FCC gasoline has the highest sulfur content and is also the largest volume component of the mogas pool of a typical US refinery. Consequently, most refiners are evaluating options to reduce FCC gasoline sulfur (to 20 – 30 ppm) to comply with Tier III regulations. Options under consideration include FCC feed pretreat, FCC gasoline post-treat or a combination of the two.

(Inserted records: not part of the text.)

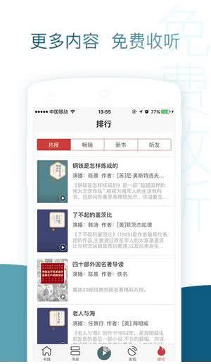 去听,中国出版集团旗下专业听书客户端。聚合了全国各大出版社各类优质正版书籍资源,为您制定阅读“好声音”的标准,让您畅听中外名著,品味国学新知。
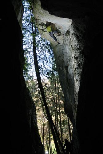 Die Gruft hat jetzt eine Warm-up Route. Auf der rechten Seite der Schlucht. Gear: 5 Bühler + 1 UmlenkerProtection:very good
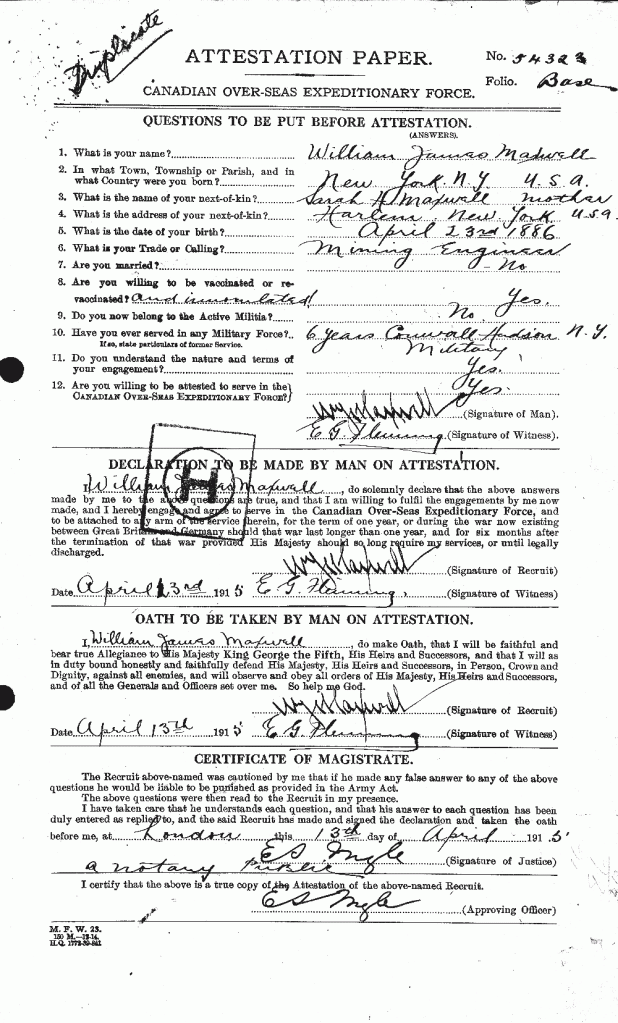 Source: 18th Battalion Nominal Roll, April 1915 during research into how many Americans joined the Battalion.
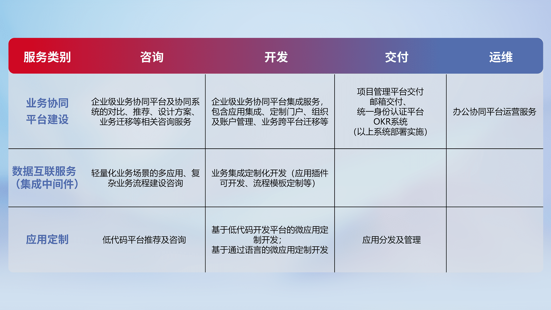 针对钉钉、、、企微、、、、IDaas等平台级产品提供产品的规划、、、、方案、、交付、、、、定制化开发等服务,,,,实现如统一协同办公、、、、智能客户服务、、、混合会议管理、、、、智能数据查询、、、等业务场景,,,实现数字化转型。。。。

The CAPEX for a grass-root FCC feed pretreat unit is significant; however, HDS performance of existing pretreat units often can be improved with minimal capital investment. In some cases, simply increasing operating severity while utilizing the best available catalyst technology such as Criterion’s CENTERA® technology provides an acceptable cycle life and meets desired product specifications. In addition, many refiners are considering the addition of reactor volume, improvement of catalyst utilization by installing new reactor internals, and hydrogen partial pressure improvements via compressor modifications, recycle gas scrubbers, membrane units, and higher purity hydrogen sources. These changes in modes of operation and modifications are critically tied to improvements in catalyst performance and technologies. In many refineries the drive to improve product yields and maximize profitability has made FCC feed pretreat a highly desirable and profitable process. \

Several refiners, working closely with Criterion, are evaluating options for improved operating severity of FCC feed pretreat units targeting maximum aromatics saturation for improved FCC yields and profitable hydrogen upgrade. Increased FCC pretreat severity results in improvement in the quality of the FCC feed leading to higher conversion and improved yields. This option is constrained by the pressure rating & H2 availability of the pretreat unit; low pressure pretreat units (< 800 psi) with MU H2 limits are not typically suitable for higher severity operation. It is important that the capabilities of each unit be carefully considered using resources such as catalyst manufacturers and technology licensors to evaluate potential for meeting refinery specific targets.

CAPEX for a new FCC gasoline post-treat unit is lower than for pretreat and can be an attractive option. Post-treat technologies which reduce FCC gasoline sulfur content while minimizing olefin saturation & octane loss are well established in the industry. Octane loss is expected to increase at the higher severity required for Tier III; recent developments in post-treat catalyst can be employed to minimize this loss.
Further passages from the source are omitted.